Data blending is a method for combining data from different sources on a single Tableau worksheet. Think of it as a way to create a temporary, worksheet-specific connection between two or more datasets. You designate one data source as the primary source and any subsequent ones as secondary sources. Tableau then queries each data source independently, aggregates the results, and displays them together in your visualization.
The key here is that the data is combined after an initial aggregation in each source. This is perfect for when your data is at different levels of granularity - like combining daily sales data with monthly sales quotas.
Data Blending vs. Relationships and Joins
It's easy to confuse blending with Tableau's other data combination methods: relationships and joins. Here’s a simple breakdown of the difference:
- Joins: Joins physically stitch tables together row-by-row at the data source level before any analysis begins. This creates a new, wider, single table of data.
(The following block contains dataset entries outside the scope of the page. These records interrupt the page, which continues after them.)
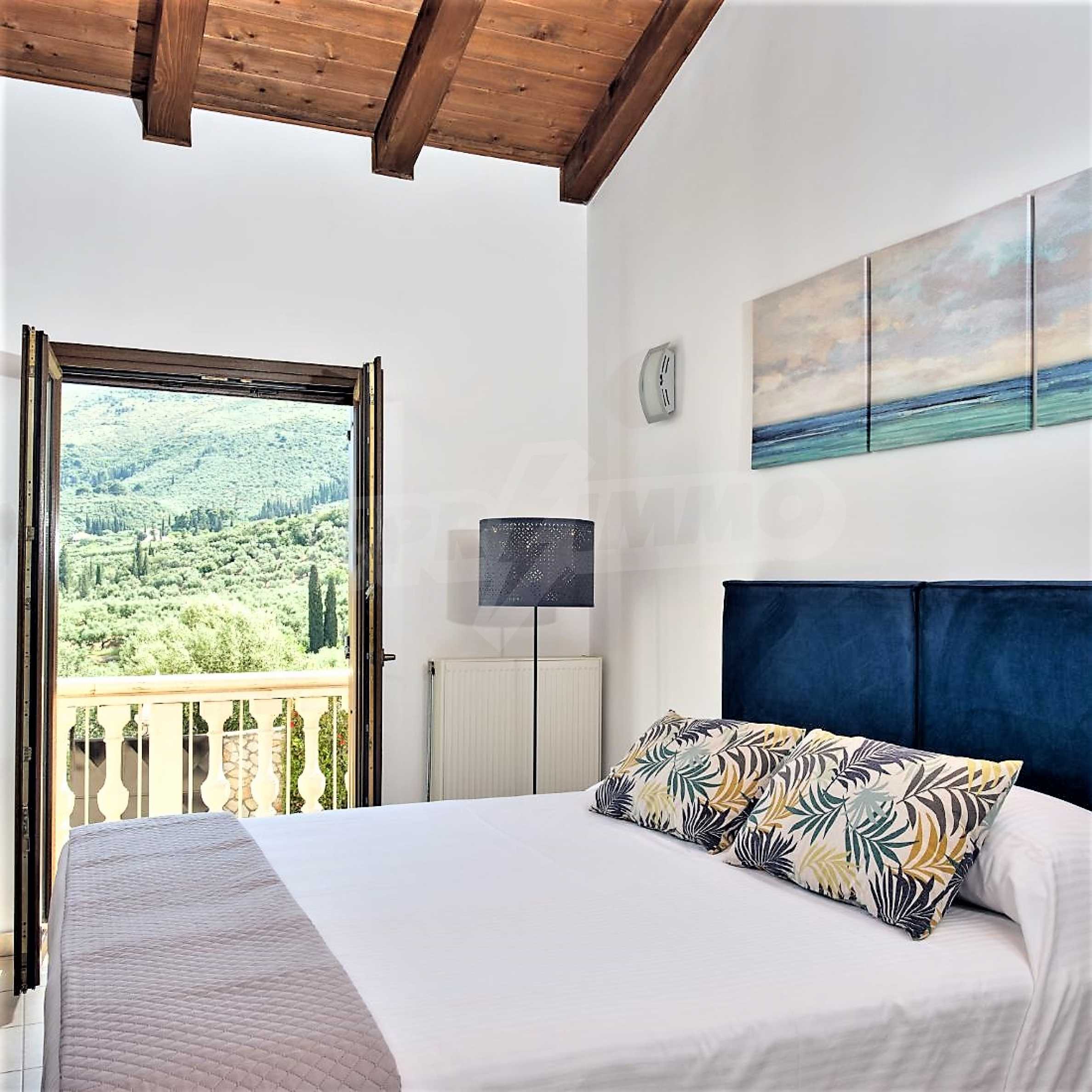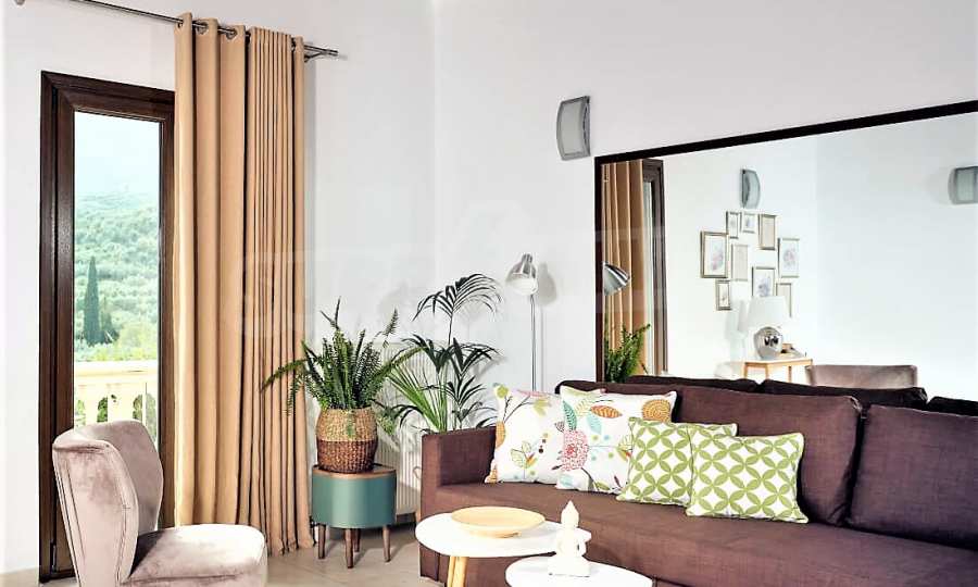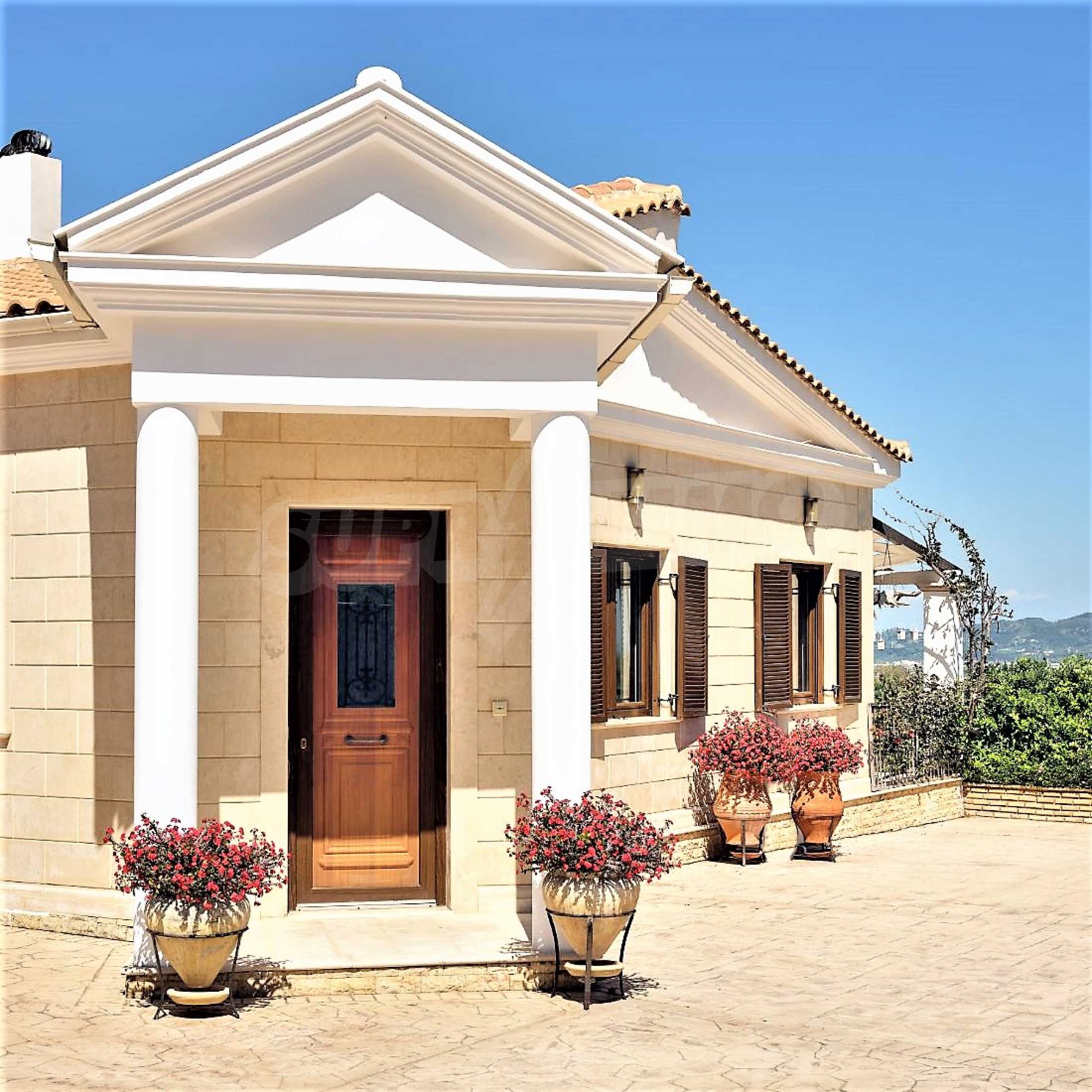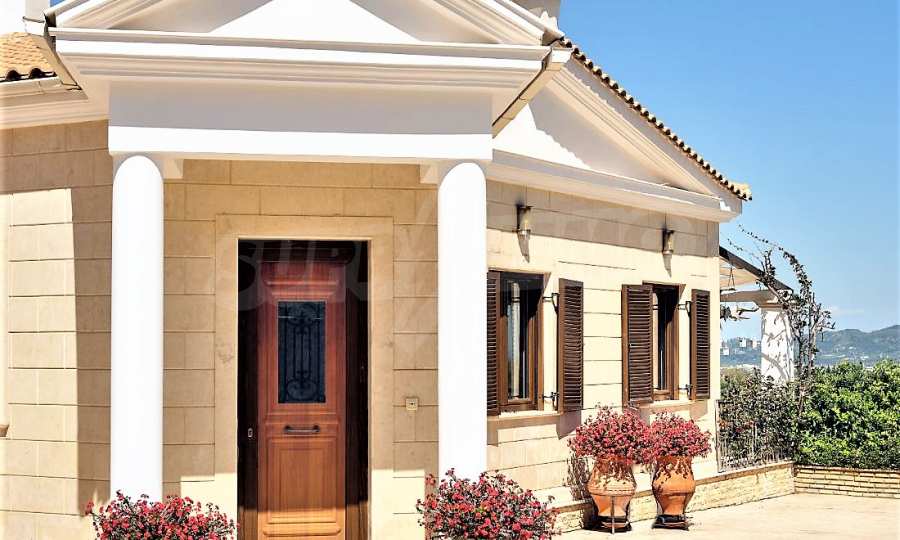 Това е един изключително луксозен имот с красива градина и басейн, както и безкрайна гледка към морето. Вилата е построена на две нива и се състои от 4 спални, 4 бани, 2 дневни и просторна кухня., обширни тераси и веранди, лятна кухня и външни кътове за отдих. Имотът е разположен на върха на частен хълм с безпрепятствен изглед към Йонийско море, уединен в недокосната, девствена природна среда, но и в непосредствена близост до Лагана, където ще намерите всичко от което имате нужда, магазини, характерни за острова ресторанти и таверни, но също и модерни барове, клубове и кафетерии.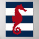 C'est un imprimé nautique formidable à accompagner de votre décor. Il dispose d'un hippocampe rouge sur un arrière - plan rayé bleu marine et blanc.
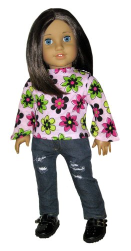 Black Shoes, Holey Jeans, and Flower Top. Doll Clothes fit 18" American Girl Dolls. Review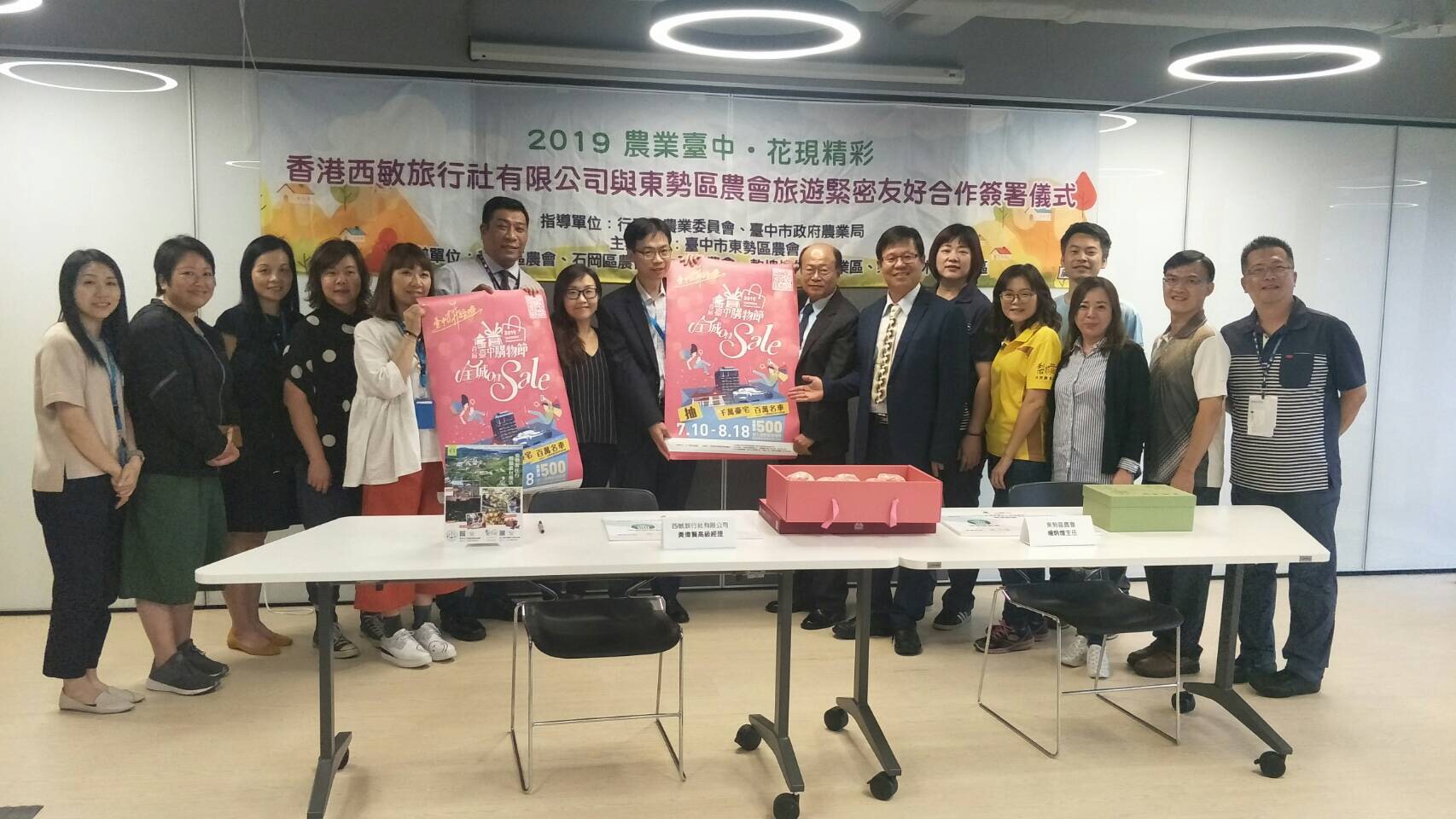 休閒農業拚經濟!台中市政府農業局輔導多家地區農會前往香港參加「2019香港旅展及觀光推廣活動」,推廣台中農業休閒旅遊,其中東勢區農會與香港在地旅行社簽署合作備忘錄,加深雙方旅遊交流,將邀請香港遊客7月到台中參加梨果季及台中購物節,享受採果及購物樂趣。

Joins are best when your data lives in the same source (like different tables in a single SQL database) and you can define clear matching criteria.
- Relationships: Introduced in newer versions of Tableau, relationships are a more flexible way to define connections between tables from one or more data sources. They're like "smart" joins that happen behind the scenes based on the fields you use in a viz, preserving the original level of detail in each table and preventing data duplication issues. This is often the recommended first approach.
- Data Blending: Blending is your go-to method when joins or relationships aren't possible or practical. It operates at the worksheet level, querying each data source separately and then bringing the aggregated results together through shared dimensions called "linking fields." You could think of its behavior as similar to a left join, where all data from the primary source is included, along with matching data from the secondary source.
When Should You Use Data Blending?
Data blending is the right tool for specific scenarios where other methods fall short. You'll find it most useful when you need to:
- Combine data with different levels of detail (granularity). This is the classic use case. For example, you might have transactional sales data recorded daily, but company-wide sales targets set on a monthly or quarterly basis. You can’t join this data row-by-row, but you can blend it on a common field like "Month" or "Region."
- Combine data from published Tableau Server/Cloud sources. Once a data source has been published to your Tableau Server or Cloud site, you can't join it directly with another source. Blending allows you to combine these published sources in a new workbook.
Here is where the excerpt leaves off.